In the entries below, begin at the line that has "지름 13~19cm이하의 인테리어용" and stop after the line that has "Installation view: #aband0n_all_h0pe, 2016, carved"; output those lines exactly, leaving out pictures.

RECORD EXCERPTS:
= = = =
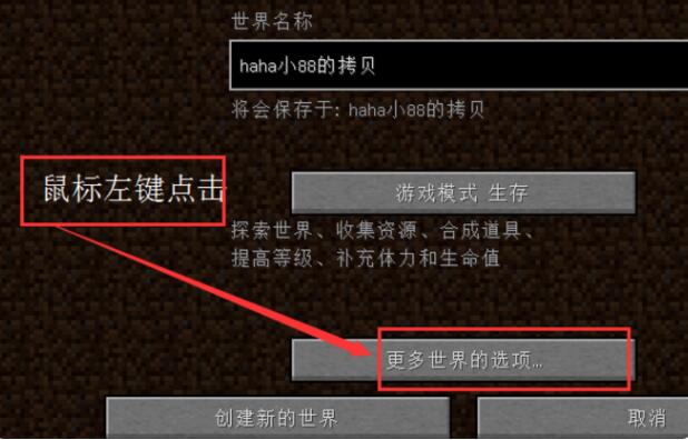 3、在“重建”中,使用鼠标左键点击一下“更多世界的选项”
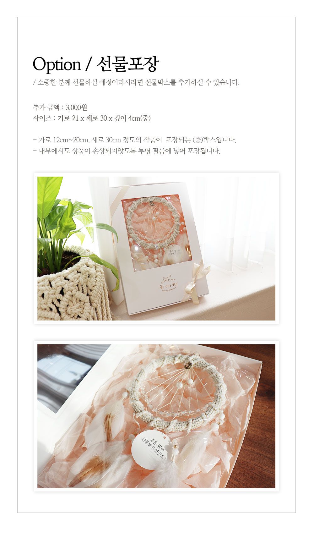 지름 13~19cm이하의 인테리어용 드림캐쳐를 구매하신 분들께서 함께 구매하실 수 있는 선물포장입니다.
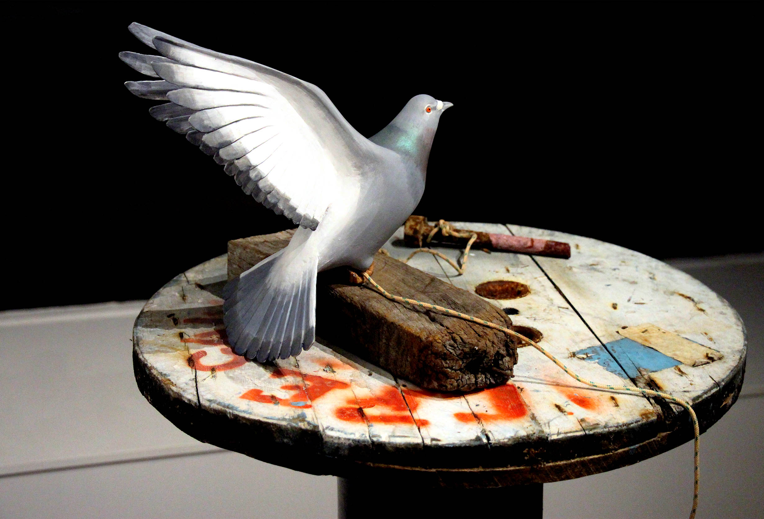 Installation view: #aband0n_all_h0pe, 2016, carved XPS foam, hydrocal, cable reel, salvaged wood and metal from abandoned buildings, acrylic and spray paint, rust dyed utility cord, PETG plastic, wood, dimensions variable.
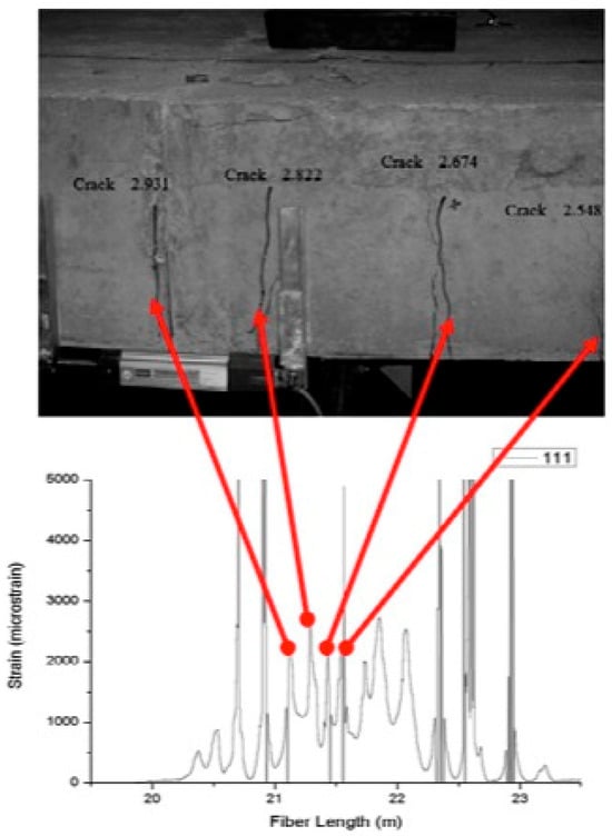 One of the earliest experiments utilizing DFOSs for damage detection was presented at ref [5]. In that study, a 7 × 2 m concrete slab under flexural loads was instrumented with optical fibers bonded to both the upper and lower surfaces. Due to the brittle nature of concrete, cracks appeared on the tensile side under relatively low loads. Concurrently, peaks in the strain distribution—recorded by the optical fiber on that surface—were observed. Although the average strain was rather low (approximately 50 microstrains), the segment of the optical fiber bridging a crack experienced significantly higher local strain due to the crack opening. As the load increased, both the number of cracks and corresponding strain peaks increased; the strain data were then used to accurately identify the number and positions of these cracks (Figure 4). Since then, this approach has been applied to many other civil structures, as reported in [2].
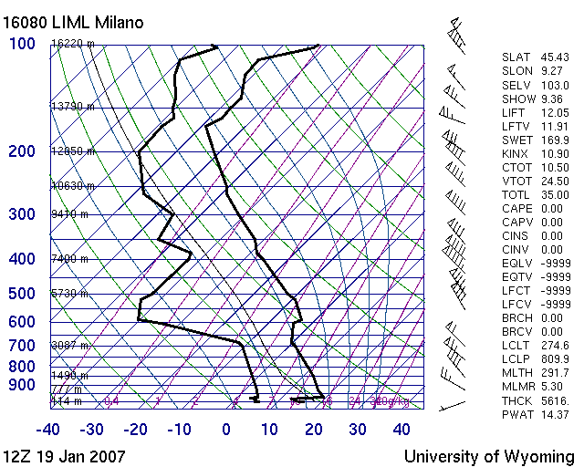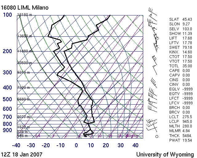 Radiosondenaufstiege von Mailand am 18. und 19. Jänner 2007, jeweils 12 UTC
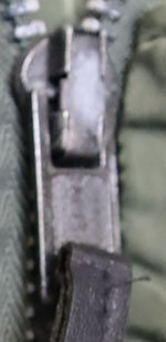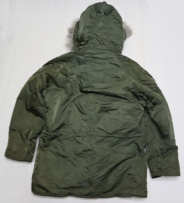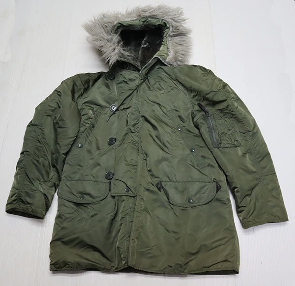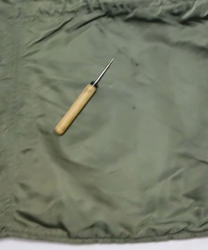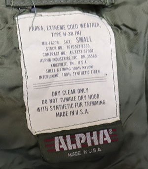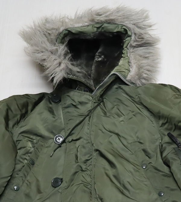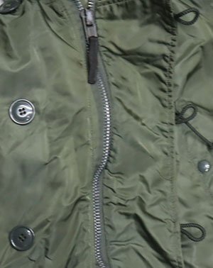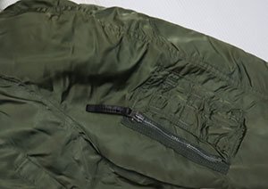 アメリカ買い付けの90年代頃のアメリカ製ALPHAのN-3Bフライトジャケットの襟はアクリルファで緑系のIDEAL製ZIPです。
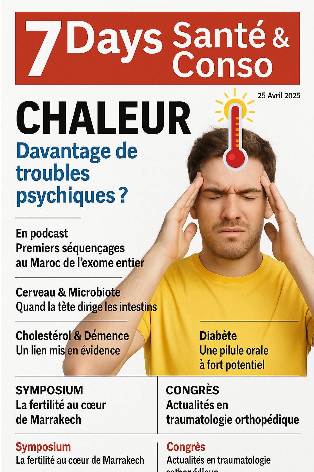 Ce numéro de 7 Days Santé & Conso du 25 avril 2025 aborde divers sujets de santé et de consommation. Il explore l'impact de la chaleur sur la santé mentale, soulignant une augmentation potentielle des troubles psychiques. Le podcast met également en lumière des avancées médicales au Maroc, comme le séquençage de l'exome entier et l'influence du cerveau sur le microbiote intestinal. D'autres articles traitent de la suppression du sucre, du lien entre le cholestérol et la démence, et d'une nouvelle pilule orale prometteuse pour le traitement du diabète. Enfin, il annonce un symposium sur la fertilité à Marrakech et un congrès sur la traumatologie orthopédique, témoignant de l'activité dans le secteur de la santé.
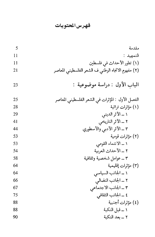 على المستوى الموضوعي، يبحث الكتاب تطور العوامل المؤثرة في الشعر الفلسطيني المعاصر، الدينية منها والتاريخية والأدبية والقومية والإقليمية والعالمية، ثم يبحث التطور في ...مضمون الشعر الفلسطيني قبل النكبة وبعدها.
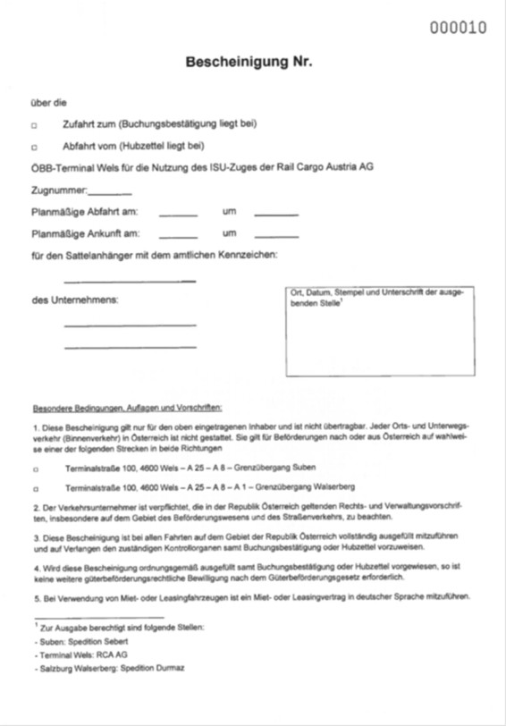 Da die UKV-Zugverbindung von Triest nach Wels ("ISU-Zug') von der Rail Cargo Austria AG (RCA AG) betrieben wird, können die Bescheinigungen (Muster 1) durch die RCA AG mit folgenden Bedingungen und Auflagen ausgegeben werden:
= = = =
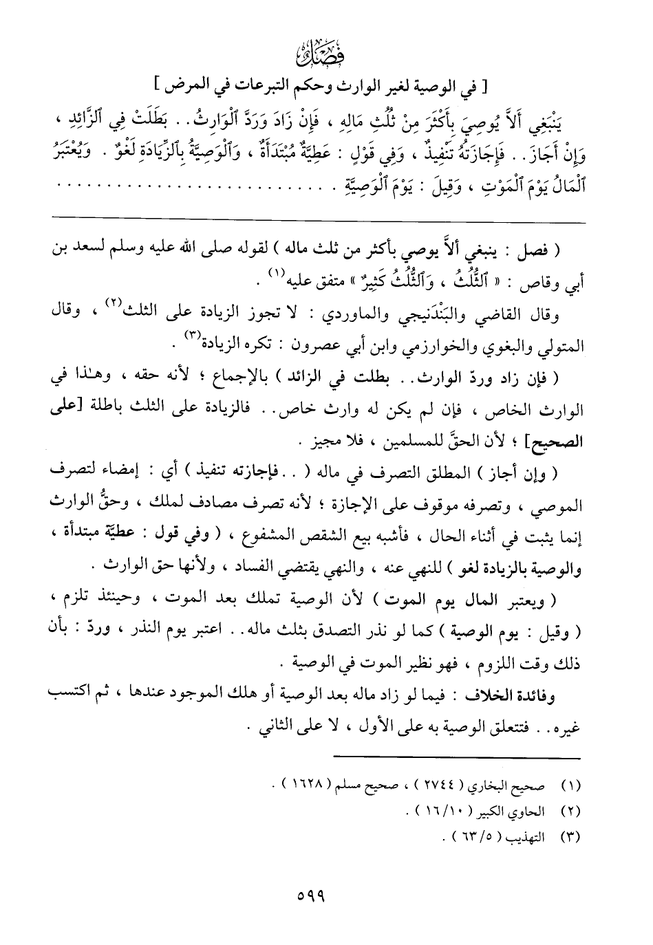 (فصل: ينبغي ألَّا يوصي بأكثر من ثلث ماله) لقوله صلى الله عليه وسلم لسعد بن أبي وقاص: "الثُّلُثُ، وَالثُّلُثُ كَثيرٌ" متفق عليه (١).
= = = =
YOUR SOLUTION:
 지름 13~19cm이하의 인테리어용 드림캐쳐를 구매하신 분들께서 함께 구매하실 수 있는 선물포장입니다.
 Installation view: #aband0n_all_h0pe, 2016, carved XPS foam, hydrocal, cable reel, salvaged wood and metal from abandoned buildings, acrylic and spray paint, rust dyed utility cord, PETG plastic, wood, dimensions variable.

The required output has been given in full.